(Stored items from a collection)
=== Section Start ===
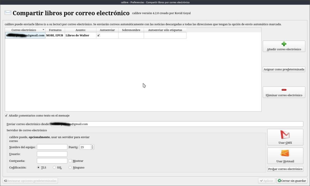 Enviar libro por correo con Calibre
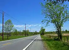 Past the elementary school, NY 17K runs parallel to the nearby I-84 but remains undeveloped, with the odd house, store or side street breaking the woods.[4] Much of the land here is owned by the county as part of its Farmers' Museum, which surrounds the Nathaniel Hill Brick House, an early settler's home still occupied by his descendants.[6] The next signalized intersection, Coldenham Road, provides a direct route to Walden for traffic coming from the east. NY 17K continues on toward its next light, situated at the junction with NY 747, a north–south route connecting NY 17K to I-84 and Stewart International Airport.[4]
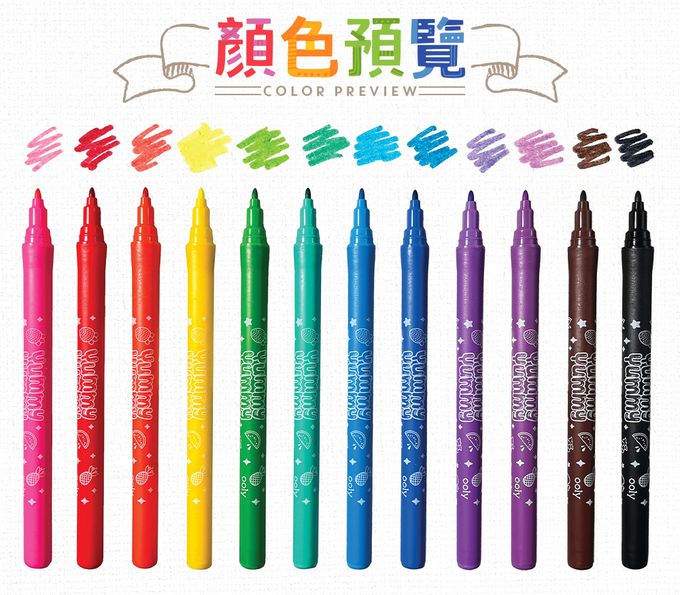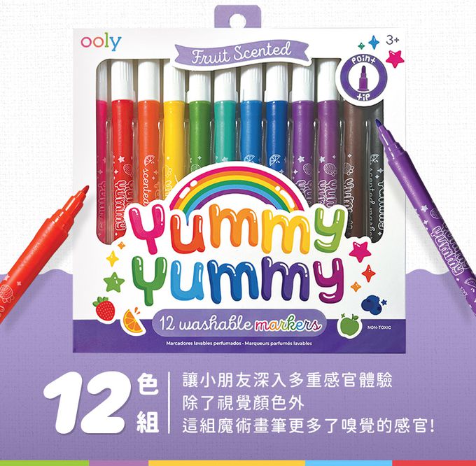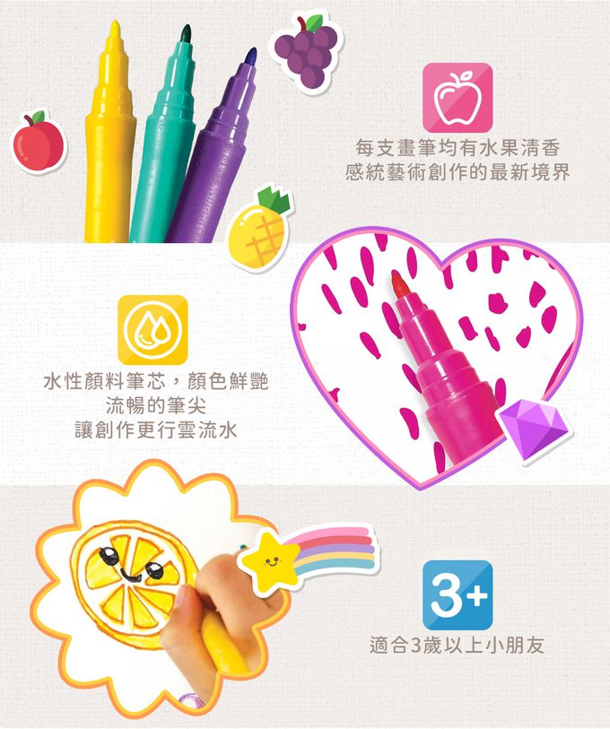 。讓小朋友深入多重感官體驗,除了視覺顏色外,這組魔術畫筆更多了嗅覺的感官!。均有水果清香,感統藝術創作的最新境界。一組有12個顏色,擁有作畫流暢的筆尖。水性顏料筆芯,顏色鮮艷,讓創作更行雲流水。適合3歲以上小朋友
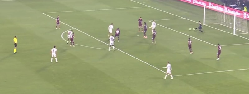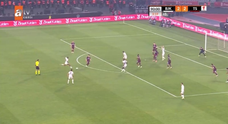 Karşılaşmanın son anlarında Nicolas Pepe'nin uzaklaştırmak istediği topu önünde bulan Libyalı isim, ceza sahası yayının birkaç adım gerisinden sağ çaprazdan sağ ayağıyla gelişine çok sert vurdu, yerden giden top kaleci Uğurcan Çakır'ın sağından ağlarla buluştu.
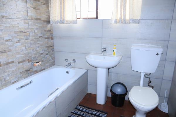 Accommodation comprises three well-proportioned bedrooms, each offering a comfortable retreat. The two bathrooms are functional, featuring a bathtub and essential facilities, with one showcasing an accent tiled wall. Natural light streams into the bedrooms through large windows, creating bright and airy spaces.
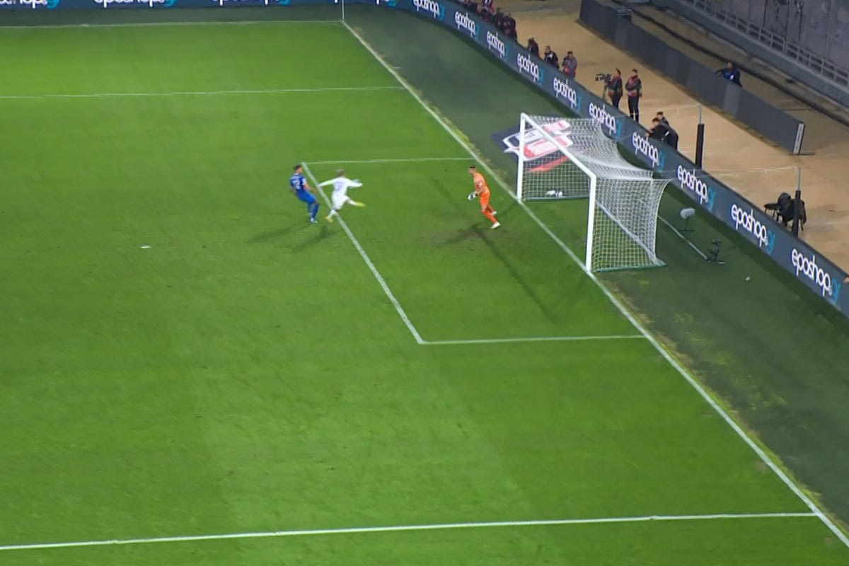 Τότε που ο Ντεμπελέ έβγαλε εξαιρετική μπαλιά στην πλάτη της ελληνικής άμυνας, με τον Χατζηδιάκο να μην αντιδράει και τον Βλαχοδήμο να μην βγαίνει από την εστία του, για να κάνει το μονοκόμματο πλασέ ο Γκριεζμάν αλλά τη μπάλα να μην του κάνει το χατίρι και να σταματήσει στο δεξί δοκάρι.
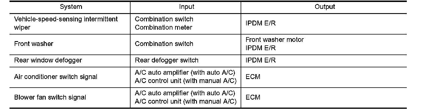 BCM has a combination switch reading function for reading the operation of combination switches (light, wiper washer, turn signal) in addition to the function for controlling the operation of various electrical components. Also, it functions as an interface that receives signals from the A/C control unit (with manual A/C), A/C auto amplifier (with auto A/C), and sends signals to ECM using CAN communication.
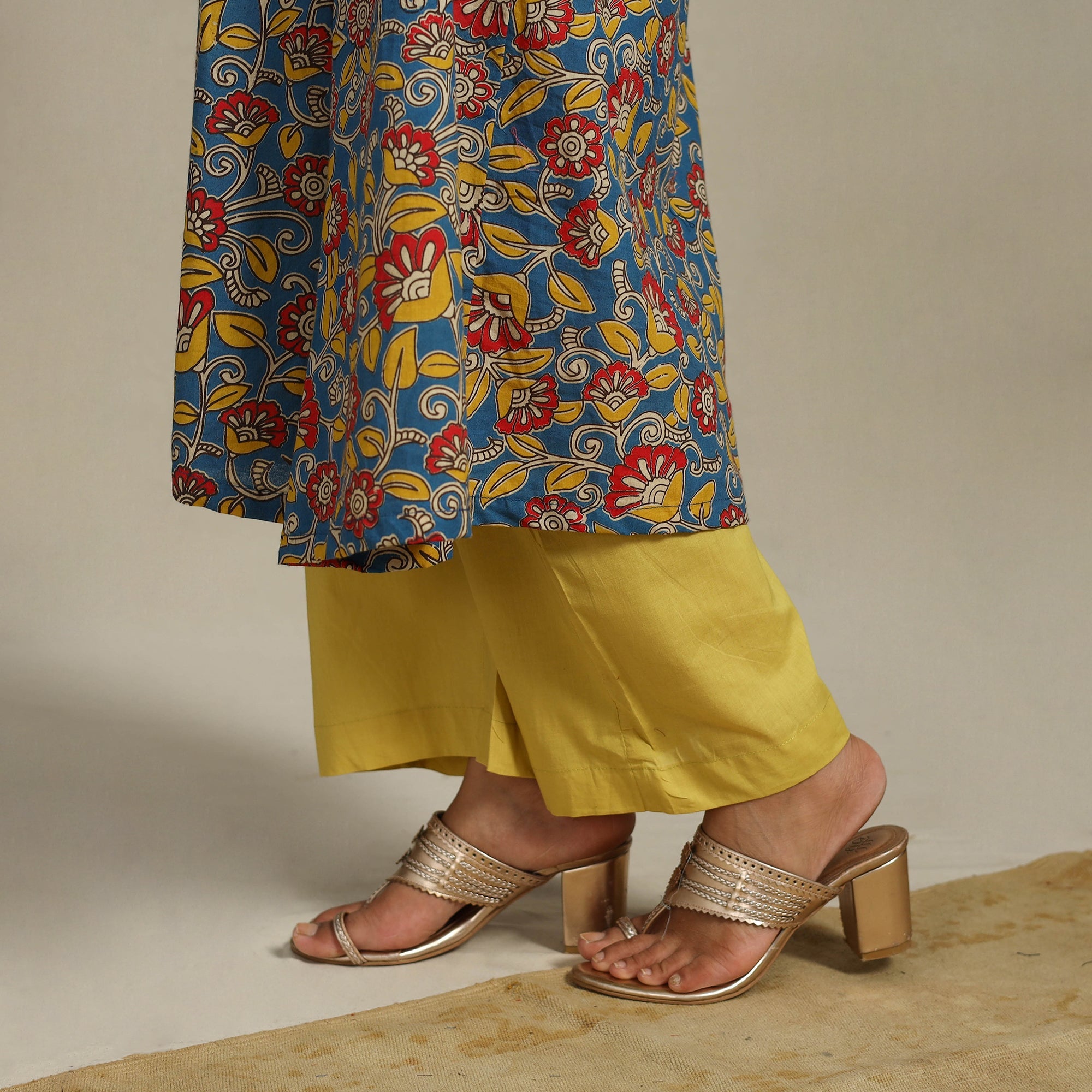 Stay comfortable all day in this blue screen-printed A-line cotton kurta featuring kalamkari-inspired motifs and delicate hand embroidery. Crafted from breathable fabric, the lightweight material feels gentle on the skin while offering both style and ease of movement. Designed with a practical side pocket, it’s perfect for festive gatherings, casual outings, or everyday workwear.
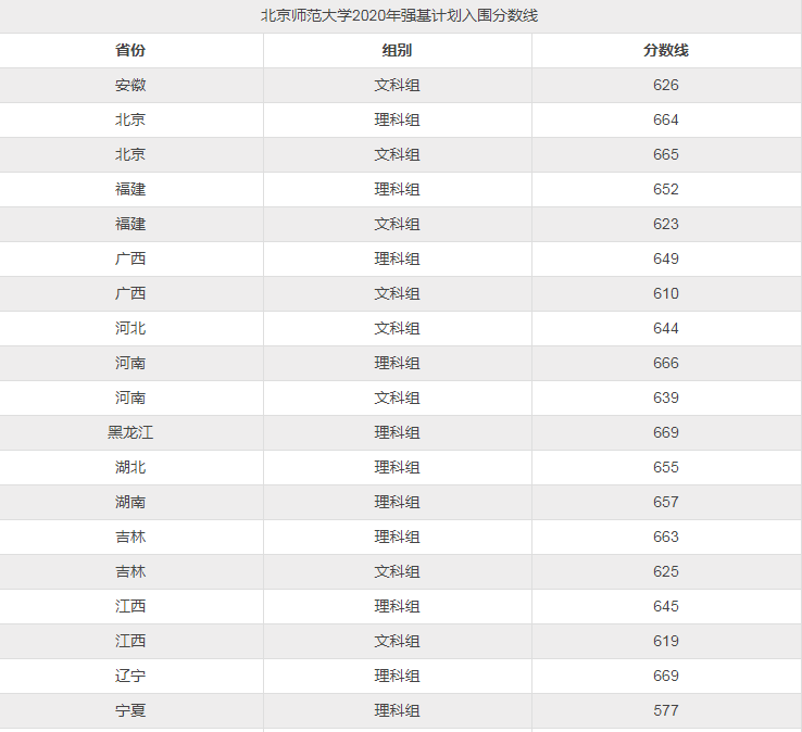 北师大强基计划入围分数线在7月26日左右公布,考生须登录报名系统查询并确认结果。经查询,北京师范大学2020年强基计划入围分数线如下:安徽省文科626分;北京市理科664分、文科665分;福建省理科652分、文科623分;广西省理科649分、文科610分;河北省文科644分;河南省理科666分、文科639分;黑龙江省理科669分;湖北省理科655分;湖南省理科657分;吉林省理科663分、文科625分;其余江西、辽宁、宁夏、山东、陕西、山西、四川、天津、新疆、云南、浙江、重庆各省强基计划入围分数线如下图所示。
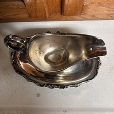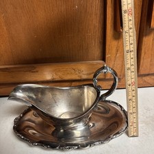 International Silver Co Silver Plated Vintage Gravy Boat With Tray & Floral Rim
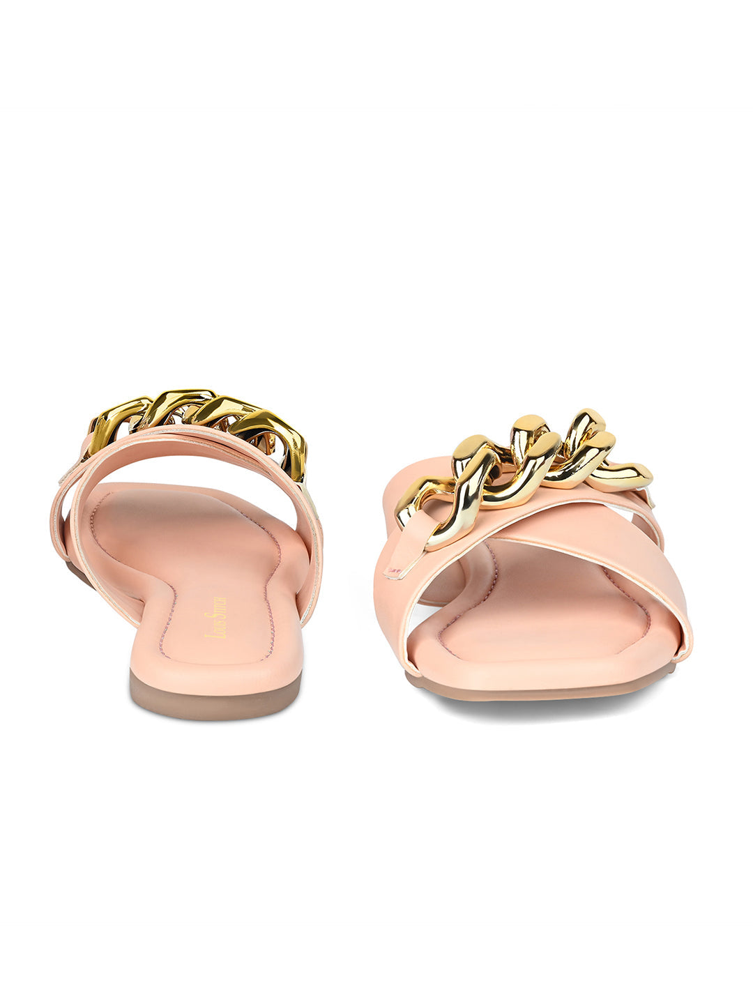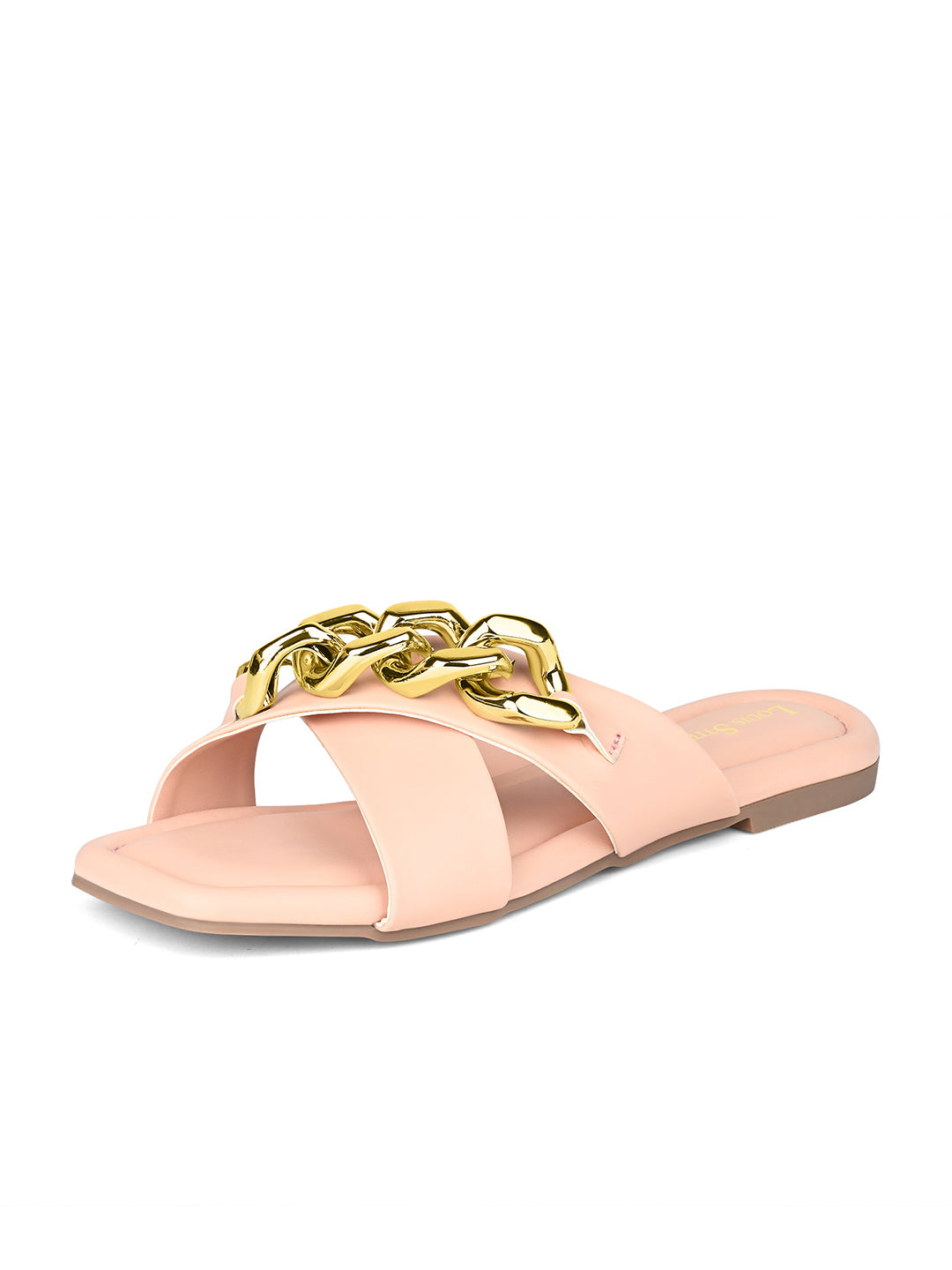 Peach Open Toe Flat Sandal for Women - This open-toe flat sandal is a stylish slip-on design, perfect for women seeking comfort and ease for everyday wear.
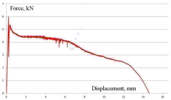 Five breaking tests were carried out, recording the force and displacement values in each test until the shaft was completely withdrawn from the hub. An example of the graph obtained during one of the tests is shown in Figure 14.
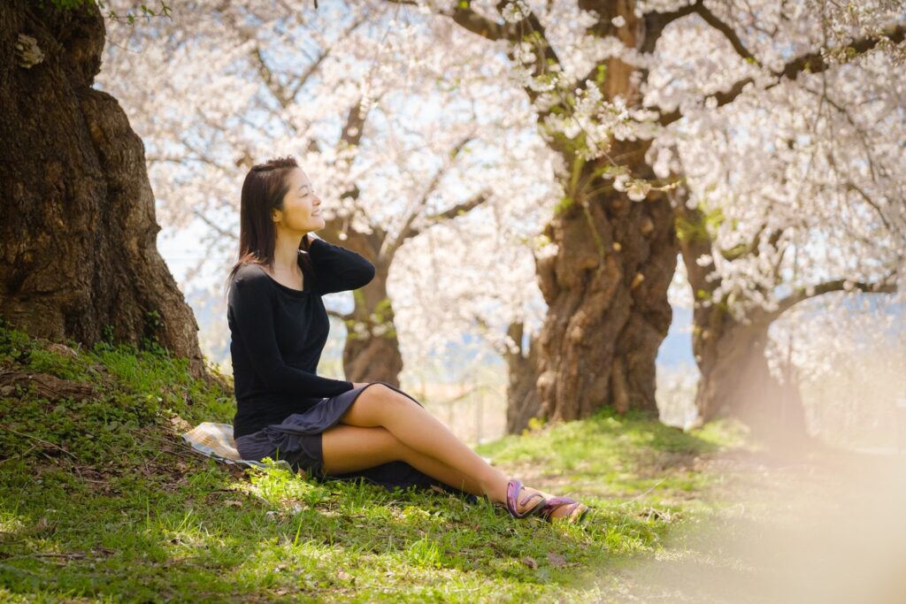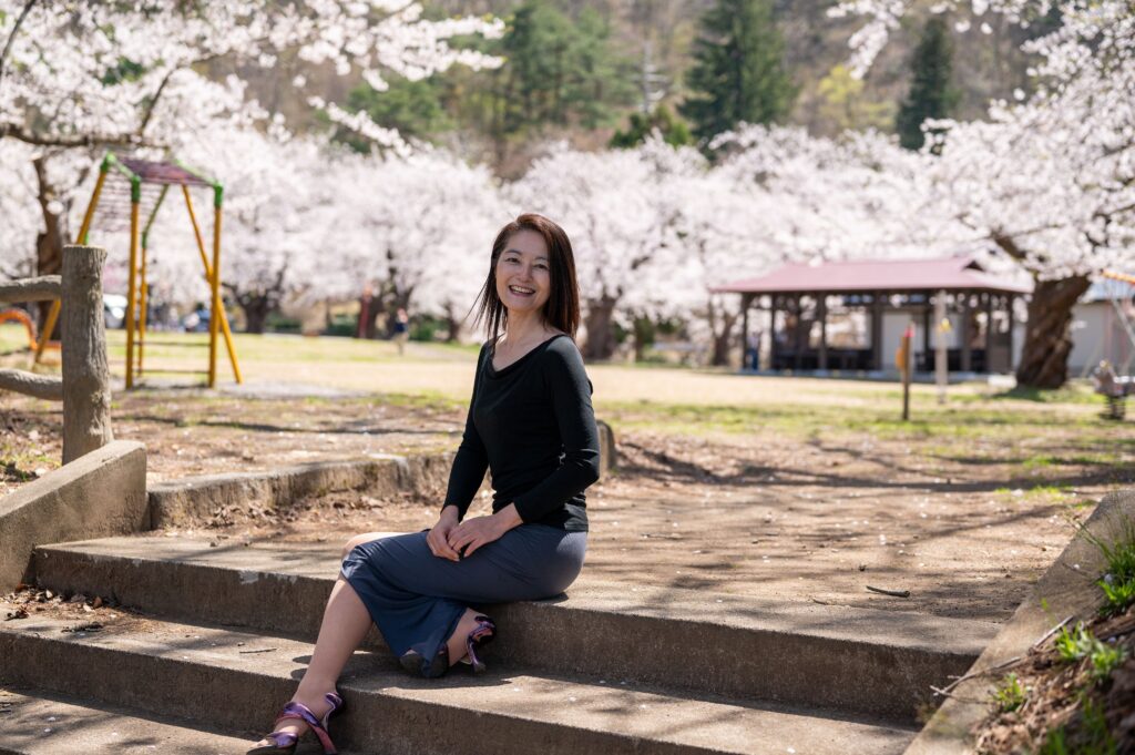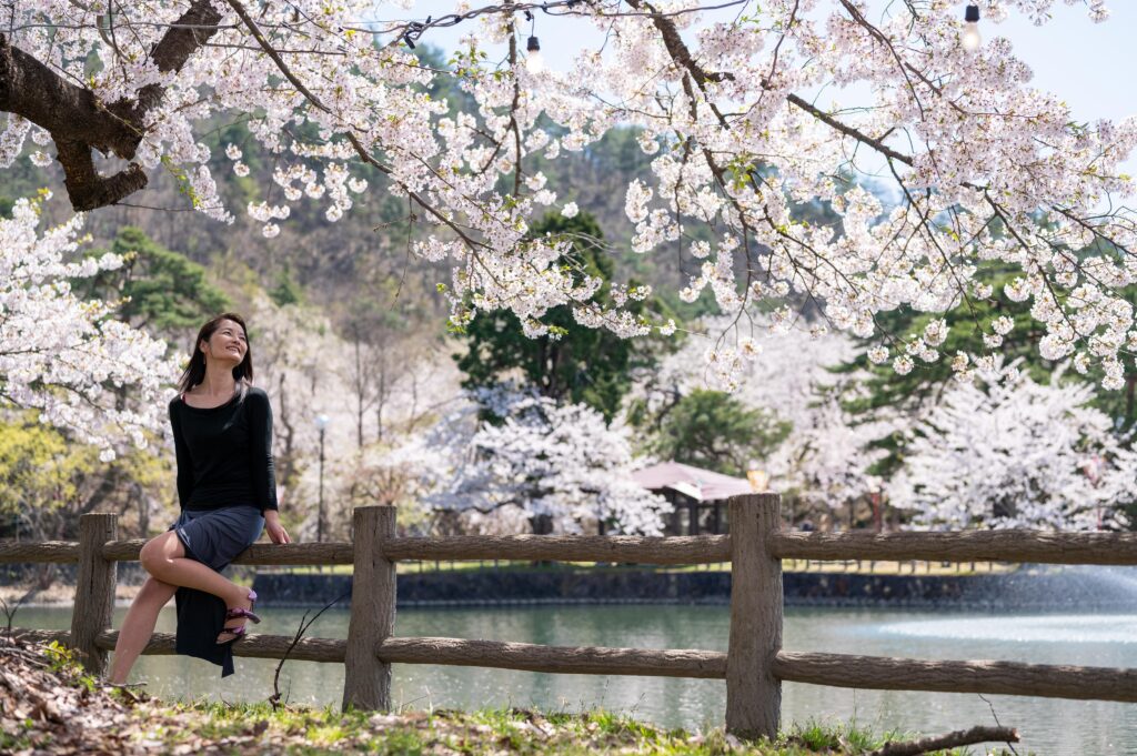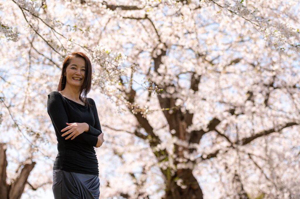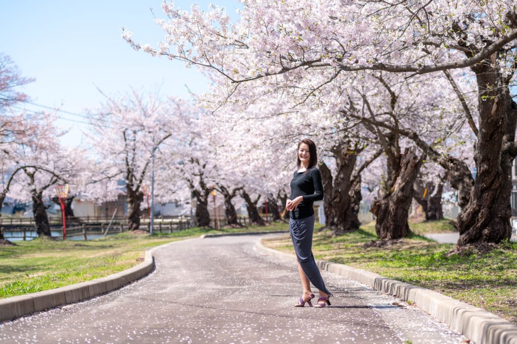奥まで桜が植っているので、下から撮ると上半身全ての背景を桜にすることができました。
=== Section End ===
ACTIVITY:
Word for word, repeat the lines above from the one with "BCM has a combination" through the one with "Stay comfortable all", and nothing beyond them. Omit the pictures.

EXERCISE ANSWER:
 BCM has a combination switch reading function for reading the operation of combination switches (light, wiper washer, turn signal) in addition to the function for controlling the operation of various electrical components. Also, it functions as an interface that receives signals from the A/C control unit (with manual A/C), A/C auto amplifier (with auto A/C), and sends signals to ECM using CAN communication.
 Stay comfortable all day in this blue screen-printed A-line cotton kurta featuring kalamkari-inspired motifs and delicate hand embroidery. Crafted from breathable fabric, the lightweight material feels gentle on the skin while offering both style and ease of movement. Designed with a practical side pocket, it’s perfect for festive gatherings, casual outings, or everyday workwear.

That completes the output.